** SOURCE DATA follows **

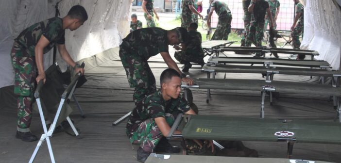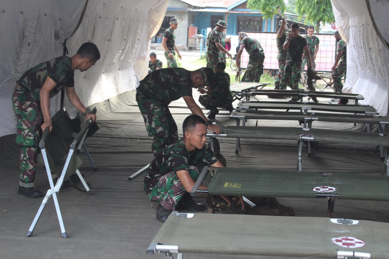 LEMBATA, Teritorial.com – Tim Medis dari Batalyon kesehatan korps Marinir TNI AL yang tergabung dalam Satuan Tugas (Satgas) Bencana Alam yang melanda Nusa Tenggara Timur, mulai mendirikan Posko Kesehatan untuk para pengungsi di Lewoleba, Lembata, NTT, Kamis, (08/04/21).
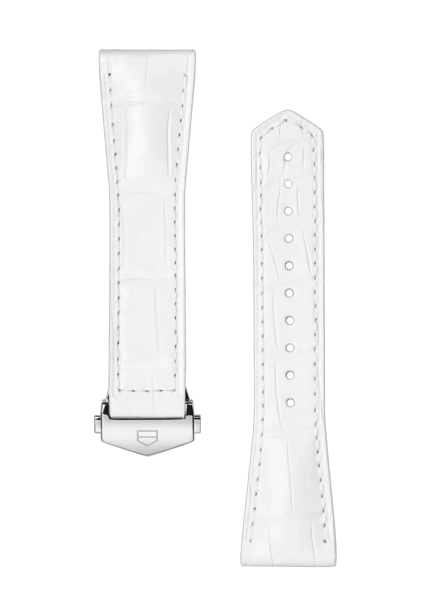 Enhance your timepiece with this exquisite white alligator leather strap, designed to complement both professional and casual settings. The luxurious texture and refined finish highlight sophistication and style for any occasion. Made with precision and care, this strap promises durability and comfort, making it an essential addition to your watch collection.
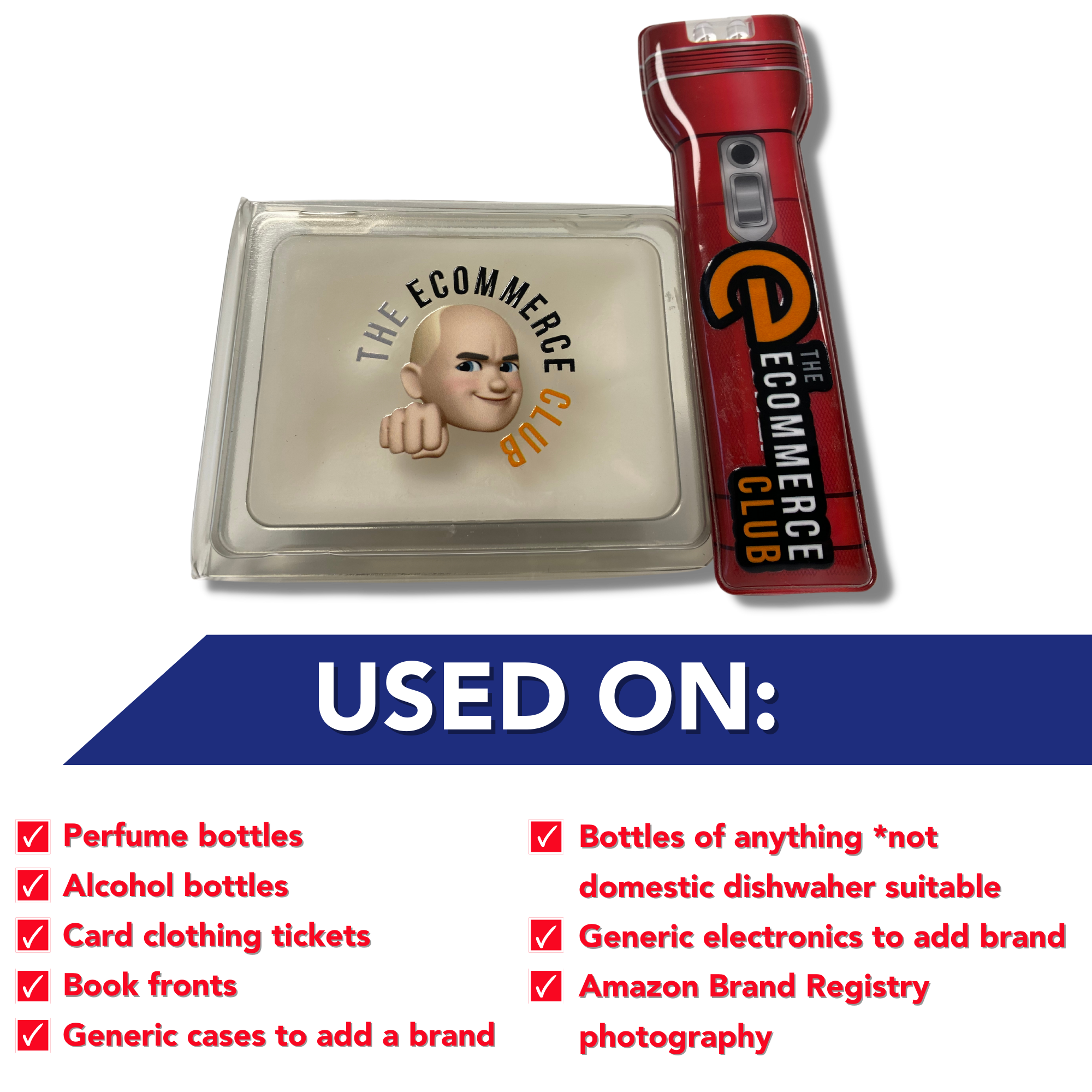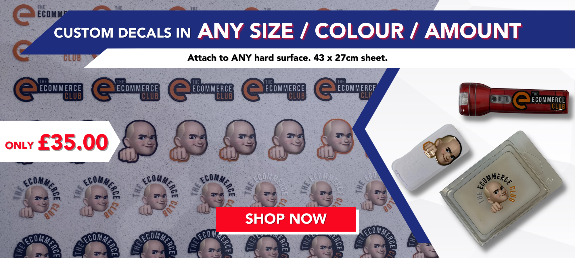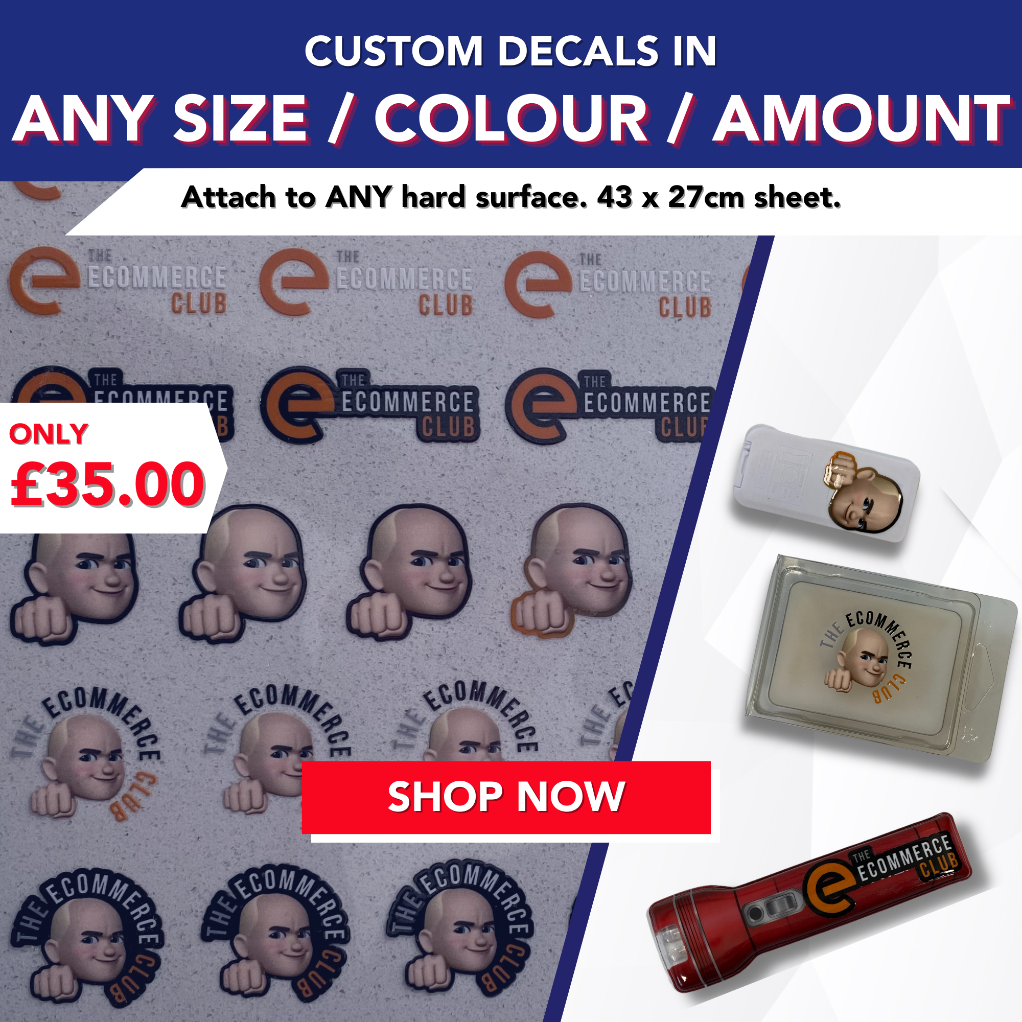 100% customised - ANY SIZE / COLOUR / DESIGN / AMOUNT to fit a 43 x 27cm sheet. This is Direct To Film UV printing, with decals printed on to an adhesive sheet, to then be laminated to a second sheet which "carries it". Rub down onto a hard surface, pull the carrier sheet away and you’re left with a super neat, classy decal.
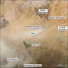 - ^ "Dust in the Bodélé Depression". Natural Hazards, Earth Observatory, NASA. URL accessed 2006-12-29.
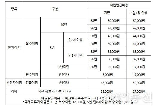 [아시아통신] 2026년 3월 1일부터 여권발급수수료가 2천원 인상된다.
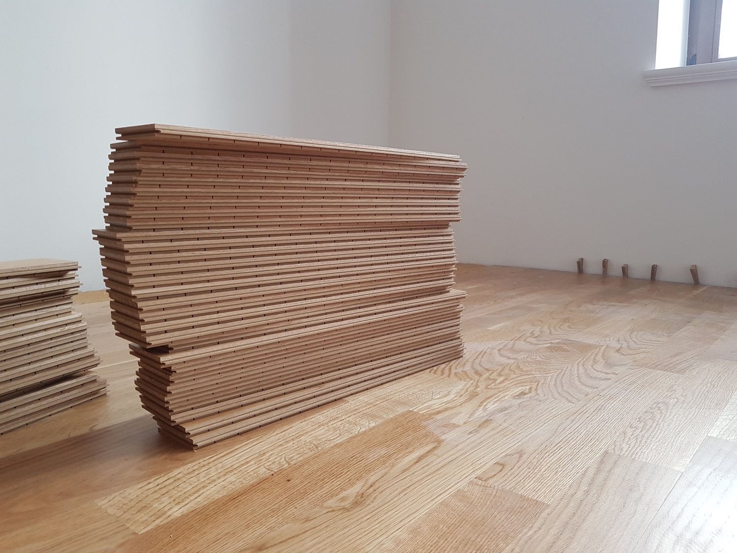 - die Wohn- und Schlafräume werden mit hochwertigen versiegelten Einzelstabmehrschicht-Fertigparkett aus Eichenholz in Schiffsbodenverlegeart belegt

** End of SOURCE DATA **

A word-for-word copy of the lines from the one containing "100% customised - ANY" through the last line of the records is what is wanted, without pictures and without any other line.

• ANSWER SECTION
 100% customised - ANY SIZE / COLOUR / DESIGN / AMOUNT to fit a 43 x 27cm sheet. This is Direct To Film UV printing, with decals printed on to an adhesive sheet, to then be laminated to a second sheet which "carries it". Rub down onto a hard surface, pull the carrier sheet away and you’re left with a super neat, classy decal.
 - ^ "Dust in the Bodélé Depression". Natural Hazards, Earth Observatory, NASA. URL accessed 2006-12-29.
 [아시아통신] 2026년 3월 1일부터 여권발급수수료가 2천원 인상된다.
 - die Wohn- und Schlafräume werden mit hochwertigen versiegelten Einzelstabmehrschicht-Fertigparkett aus Eichenholz in Schiffsbodenverlegeart belegt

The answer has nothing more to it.